L’ancien maire de Guédiawaye, Aliou Sall, et son épouse Aïssata Sall, ont été placés sous contrôle judiciaire, ce lundi, par le président du collège des juges d’instruction du pool judiciaire financier, après le versement d’un cautionnement de 240 millions de FCFA. Seneweb revient sur les derniers développements de l’affaire.
Selon nos informations, le réquisitoire introductif du procureur de la République financier date du 30 juin 2025. Il fait suite au rapport de la CENTIF (Cellule nationale de traitement des informations financières), qui a signalé des transactions suspectes à hauteur de 240 millions de FCFA.
Dans sa saisine du président du collège des juges d’instruction, le parquet financier a visé Aliou Sall, son épouse Aïssata Sall, ainsi qu’une personne non identifiée (X).
Le ministère public poursuit Aliou Sall pour association de malfaiteurs en vue de blanchiment, corruption, blanchiment de capitaux et trafic d’influence.
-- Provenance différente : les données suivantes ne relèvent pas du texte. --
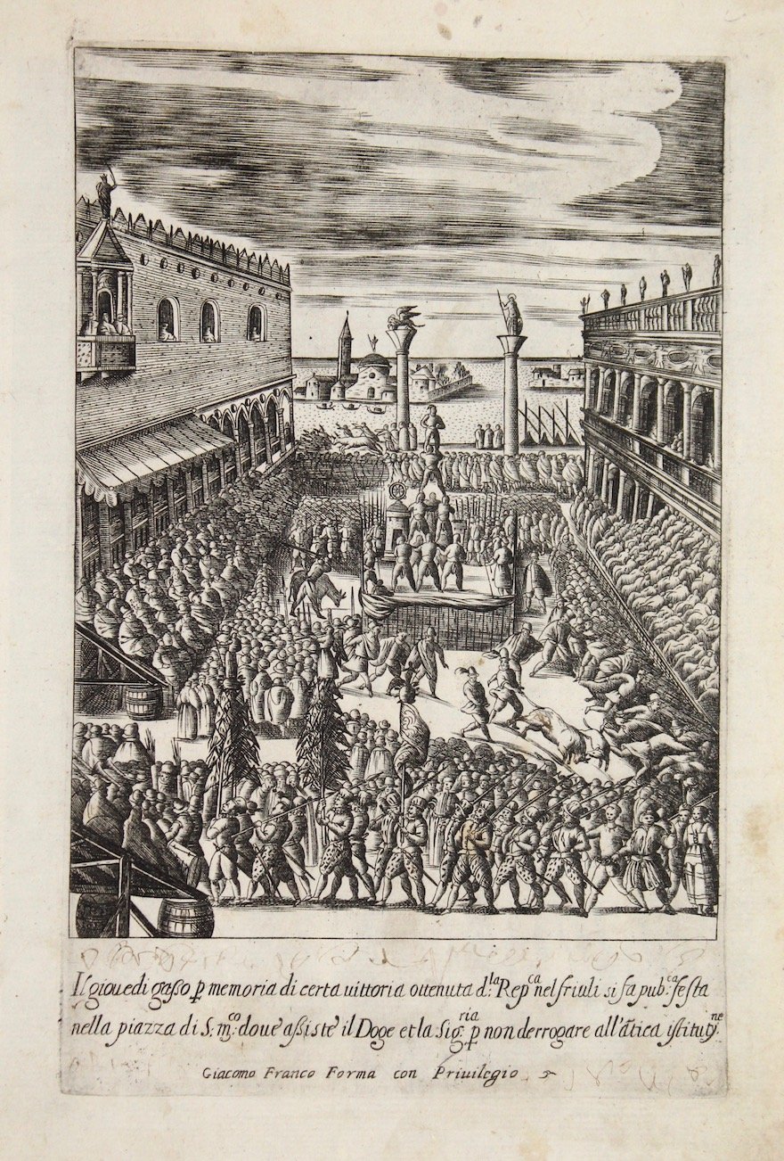 Acquaforte, ottima impressione su carta vergata, mm 247x156, firmata "Giacomo Franco Forma con privilegio" in basso, tratta dalla raccolta "Habiti d'huomeni et donne veneziane…Trionfi Feste Cerimonie pubbliche della mobilissima città di Venetia", che si proponeva di illustrare in ogni aspetto la vita cittadina, inclusi i giochi che dividevano la cittadinanza in due squadre. La raccolta venne pubblicata dopo il 1591, anno in cui Franco ottenne il privilegio di stampa dal senato. Foglio in ottime condizioni con buoni margini con minime tracce di sporco superficiale e piccole macchie marginali. Traccie illeggibili di scrittura manoscritta sopra il titolo. Piccola mancanza di carta all'angolo superiore destro. <BR>

Quant à son épouse Aïssata Sall, elle est poursuivie pour association de malfaiteurs et blanchiment de capitaux. Le préjudice financier estimé par le parquet s’élève à 562 millions de FCFA, montant correspondant, selon l’accusation, à la vente d’un terrain.
Le parquet s’oppose à la caution de 240 millions
Lorsque le président du collège des juges d’instruction a sollicité l’avis du parquet sur l’offre de cautionnement de 240 millions de FCFA déposée par la défense, le procureur financier s’y est fermement opposé. Il a soutenu que la consignation proposée ne couvrait pas la somme réelle du préjudice, qu’il estime à 562 millions de FCFA, et a ainsi requis le mandat de dépôt contre le couple Sall, invoquant l’absence de garanties de représentation, le risque de subornation de témoins, ainsi qu’un trouble à l’ordre public.
Aliou Sall conteste fermement les accusations
Devant le juge, Aliou Sall a nié en bloc les faits qui lui sont reprochés. Il a contesté le montant de 562 millions de FCFA, expliquant que les fonds évoqués proviennent d’opérations licites.
Selon ses déclarations, Léopold Ngom de la société Sertem lui aurait remis 150 millions de FCFA en espèces et 20 millions par virement, auxquels s’ajoutent 70 millions de FCFA prêtés par Seny Thiam soit un total de 240 millions, montant confirmé par le rapport de la CENTIF.
Toujours selon Aliou Sall, l’affaire découle d’une opération foncière concernant un terrain situé à proximité de l’Ambassade des États-Unis à Dakar, d’une superficie de 1 125 m². Il affirme que Amadou Loum Diagne, détenteur du bien, voulait vendre le terrain, mais que lui-même ne disposait pas des fonds nécessaires. Après avoir sollicité un prêt auprès de Coris Bank, la banque lui a accordé que 600 millions de FCFA.
Soutenant que le terrain ne vaut pas cette somme. C’est alors qu’il aurait sollicité Léopold Ngom, avec qui il aurait convenu d’un partage du financement à parts égales. Sertem aurait ainsi avancé 150 millions de FCFA, plus 20 millions supplémentaires pour amortir la dette. Cependant, ils sont confrontés à des difficultés pour l’obtention d’un permis de construire.